What is strange is how views on the effectiveness of hydroxychloroquine have become a litmus test of support or opposition to the president.  This creates roadblocks to scientific analysis of COVID19 therapies.  By ridiculing the president’s use of the drug, Senator Biden helped politicize what should be a scientific debate.  Unfortunately, politicizing science is evident in candidate Biden’s approach to climate change as well.

The co-chairs of Biden’s Climate Advisory Panel, John Kerry and Alexandria Ocasio-Cortez, are Washington political operatives of the highest order.  However, they are deeply unserious when it comes to climate science and climate policy.
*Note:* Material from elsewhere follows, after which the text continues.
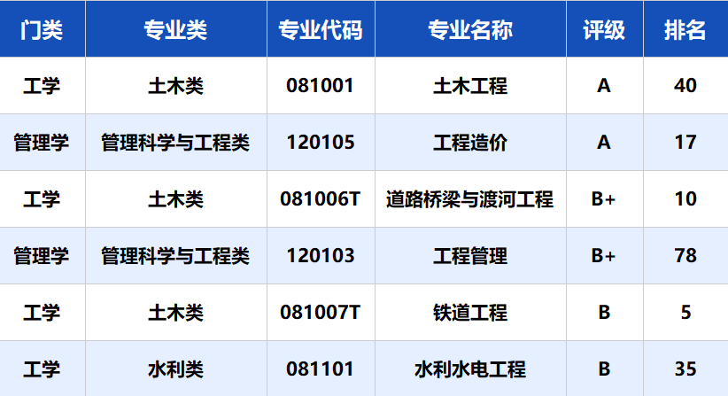土木工程、工程管理、铁道工程、道路桥梁与渡河工程 |

Though John Kerry is a well-known political actor on the climate-change stage, few people have made it clearer they know so little about climate science.  Perhaps his most famous climate sound bite equated climate change to a weapon of mass destruction.  It was a well-reported part of a talk in Jakarta.  What was not well-reported at all from that speech, was his totally fantastic description of climate science.  His phenomenally condescending science lecture was total nonsense.  His description of greenhouse gasses in the atmosphere was, “Try and picture a very thin layer of gases – a quarter-inch, half an inch, somewhere in that vicinity – that’s how thick it is.  It’s in our atmosphere.  It’s way up there at the edge of the atmosphere.”  Ignoring all evidence of ice ages, he also asserted, “And for millions of years – literally millions of years – we know that layer has acted like a thermal blanket for the planet – trapping the sun’s heat and warming the surface of the Earth to the ideal, life-sustaining temperature.  Average temperature of the Earth has been about 57 degrees Fahrenheit.”
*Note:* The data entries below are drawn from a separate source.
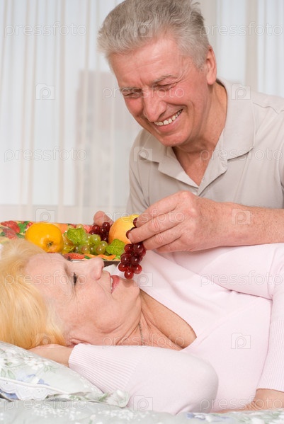 Счастливая пожилая пара. Заботливый муж приносит жене фрукты в постель
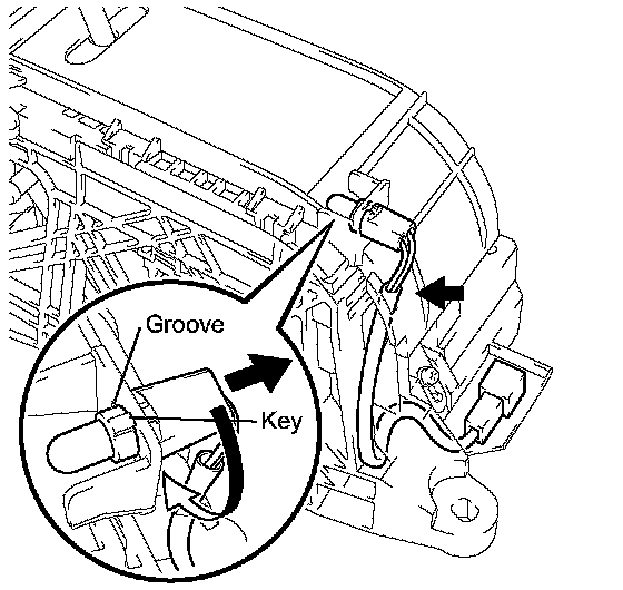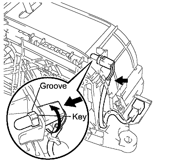 (e) Align the indicator light guide key with the groove on the shift lock control unit to remove the indicator light wire.
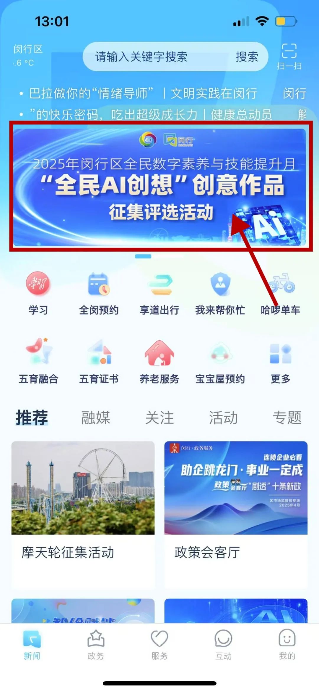 2.在“今日闵行”APP首页banner位滑动找到“全民AI创想”创意作品征集评选活动专题页,点击进入报名页填写报名信息,并提交作品(请勿重复提交)。
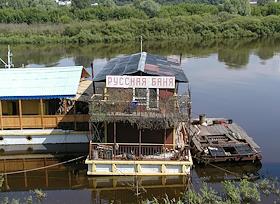 строение на понтонах на реке Ока. Вывеска "Русская баня".

Like so many who claim to believe in science, he appears to know very little of it, especially with regard to climate.  When politics is the overarching concern, it seems science does not really matter.

Co-chair Alexandria Ocasio-Cortez famously said the world would end in 12 years if we did not take dramatic action to stop climate change.  (She also said the quote was taken out of context.  The audience did not seem to think it was out of context.  You be the judge. See it here.)  In any event, her solution was the Green New Deal.

Whether the 12-year statement was idiocy, a scare tactic or just AOC hyperbole, the Green New Deal was not primarily about climate anyway.  Her then chief of staff, Saikat Chakrabarti, said “it wasn’t originally a climate thing at all … we really think of it as a how-do-you-change-the-entire-economy thing.”

This is the standard DC practice.  Hitch your special-interest policy wish-list to a perceived crisis.  Work to hype the severity of the crisis requiring the changes in policy you seek. The change-the-entire-economy-thing comes through loud and clear.

Here are some provisions of the Green New Deal that have sketchy (at best) connections to global warming, but long-running connections to the progressive agenda:

  • “strengthening and protecting the right of all workers to organize, unionize, and collectively bargain free of coercion, intimidation, and harassment”
  • “guaranteeing a job with a family-sustaining wage, adequate family and medical leave, paid vacations, and retirement security to all people of the United States”
  • “strengthening and enforcing labor, workplace health and safety, anti-discrimination, and wage and hour standards across all employers, industries, and sectors”
  • “directing investments to spur economic development, deepen and diversify industry and business in local and regional economies, and build wealth and community ownership” (emphasis added)

Plus, provisions for healthcare and antitrust.

A debate on the best way to free workers from coercion (from both sides) during labor organizing battles is certainly worth having, but it is not a climate issue.  Similarly, growing the income, wealth, and economic security for all Americans is a great goal, one on which record-making progress was being made immediately before the COVID pandemic.  However, it is not a climate topic either.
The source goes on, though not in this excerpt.